__Data for analysis__

%%

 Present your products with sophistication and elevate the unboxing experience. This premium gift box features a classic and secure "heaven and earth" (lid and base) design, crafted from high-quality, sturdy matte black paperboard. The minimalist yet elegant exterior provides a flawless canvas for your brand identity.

%%
%%

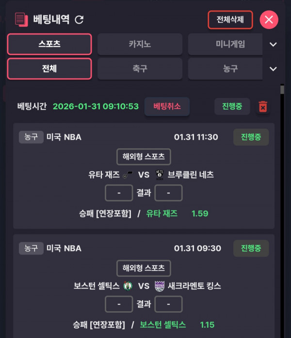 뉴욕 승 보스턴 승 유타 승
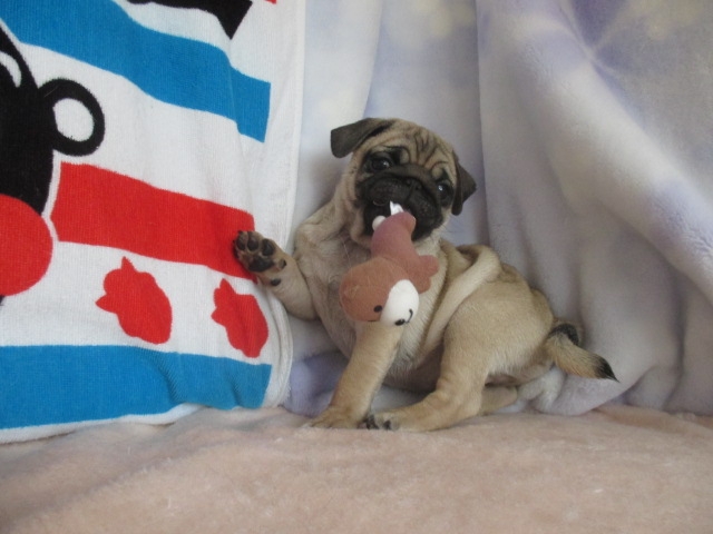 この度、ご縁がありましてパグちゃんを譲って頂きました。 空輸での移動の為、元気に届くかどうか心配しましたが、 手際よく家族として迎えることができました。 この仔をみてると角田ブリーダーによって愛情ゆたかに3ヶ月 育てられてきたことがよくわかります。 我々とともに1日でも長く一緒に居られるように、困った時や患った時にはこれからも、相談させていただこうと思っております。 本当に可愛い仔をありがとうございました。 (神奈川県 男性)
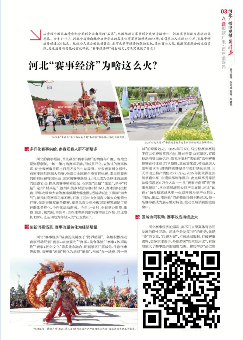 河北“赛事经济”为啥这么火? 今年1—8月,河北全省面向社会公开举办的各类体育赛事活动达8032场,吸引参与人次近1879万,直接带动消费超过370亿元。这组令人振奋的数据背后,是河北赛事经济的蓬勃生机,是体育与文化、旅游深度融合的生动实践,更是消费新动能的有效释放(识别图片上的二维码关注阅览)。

%%

__Requirement__
Transcribe only the lines above that start at the line containing "뉴욕 승 보스턴 승 유타 승" and end at the line containing "本当に可愛い仔をありがとうございました。 (神奈川県 男性)". Omit pictures.

__Solution to this exercise__
 뉴욕 승 보스턴 승 유타 승
 この度、ご縁がありましてパグちゃんを譲って頂きました。 空輸での移動の為、元気に届くかどうか心配しましたが、 手際よく家族として迎えることができました。 この仔をみてると角田ブリーダーによって愛情ゆたかに3ヶ月 育てられてきたことがよくわかります。 我々とともに1日でも長く一緒に居られるように、困った時や患った時にはこれからも、相談させていただこうと思っております。 本当に可愛い仔をありがとうございました。 (神奈川県 男性)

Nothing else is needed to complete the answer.